Women’s slalom postponed
PYEONGCHANG, South Korea
The start of Mikaela Shiffrin’s bid for multiple medals at the 2018 Olympics was delayed yet again when the women’s slalom was postponed from today to Friday because of strong winds.
It’s the third time in four days an Alpine skiing race was shelved because gusts made it too dangerous for competition. That complicates matters for someone such as Shiffrin, who could try to enter up to five individual events but now has less time to rest and prepare between them.
Based on the sport’s original 11-event program for South Korea, Shiffrin would have raced on Monday, Wednesday and Saturday in Week 1, with full days off to help in the transition from her preferred technical events of slalom and giant slalom to the speed events. As of now, she would have zero days in between, racing three days in a row from Thursday through Saturday.
“Well, it compresses the schedule, so it makes for a more hectic five, six days as we approach into the speed events,” U.S. women’s head coach Paul Kristofic said. “So that’s something we’re considering as we move forward. It’s a consideration, absolutely.”
Shiffrin was supposed to get started with the giant slalom on Monday; that race was rescheduled for Thursday and will now be her first at these Winter Games. Under the current plan, next would come the slalom, a race she won at the 2014 Olympics at age 18, followed by the first women’s speed race, the super-G, on Saturday.
Vocals increase emotions on ice
GANGNEUNG, South Korea
When the International Skating Union made the popular decision to allow lyrics in all performances, the Paul Simon classic “The Sound of Silence” seemed like it would be a natural choice.
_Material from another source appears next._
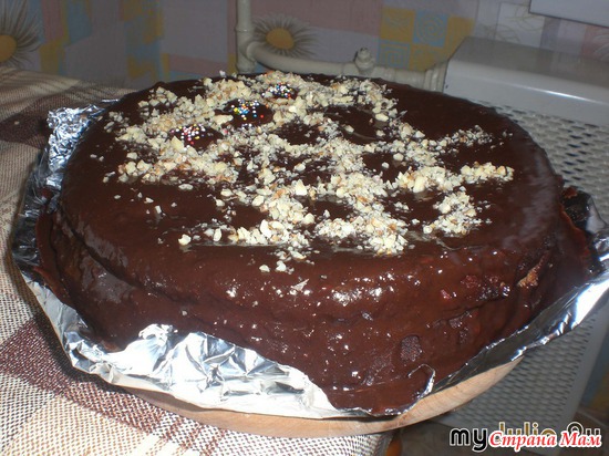 Два яйца, два стакана сметаны, два стакана сахара, сода и уксус - перемешать и три стакана муки тесто пополам. В одну часть - одну столовую ложку какао. Испечь две пышки. Разрезать пополам. Крем: один стакан сметаны домашней или 300 грамм масла и один стакан сахара и два яйца. Взбить до воздушности и 0.25 стакана сваренного, остуженного черного кофе. Размешать хорошенько. На верхний корж - глазурь: два столовая ложка молока и четыре столовая ложка сахара и три чайные ложки какао сварить, и 50 грамм сливочного масла.

The folk tune is light and airy and fits neatly within the confines of traditional figure skating.
Vanessa James and Morgan Cipres went in another direction.
Yes, the French pairs team chose the 1960s hit for their free skate last year, and will bring it back for their Olympic program Thursday. But rather than the melodic version performed by Simon and Art Garfunkel, they opted for a haunting, heavy metal cover by American rock band Disturbed .
“It was our coaches who found it,” James told The Associated Press. “They were like, ‘We really think it could be a hit.’ And Morgan listened to it and was like, ‘I don’t like it,’ because we weren’t used to it. And I was like, ‘OK, let me see if I can get into this.’ I thought it could be amazing, and I was like, ‘Morgan, let’s trust them.’ And we were so right to have trusted them.”
That’s because the stirring rendition, coupled with the pair’s dramatic program, became such a fan favorite that they replaced this season’s program with it for the Pyeongchang Games.
“When you have a powerful voice and words to express,” James said, “it changes everything.”
Dutch continue gold-medal streak
GANGNEUNG, South Korea
The Olympic Oval has turned into the royal House of Orange — and not because Dutch King Willem-Alexander is there most nights. It’s all about the speedskating.
Kjeld Nuis made it four gold medals in four races for the Netherlands, a run nearly beyond belief.
“This is no longer normal,” Nuis said Tuesday after winning the 1,500 meters.
Moving in a blur of orange early on with a blistering pace, Nuis swept past his toughest opponents to take home gold. In second, of course, was another Dutchman — teammate Patrick Roest.
The Dutch have won eight of 12 medals at the Pyeongchang Games.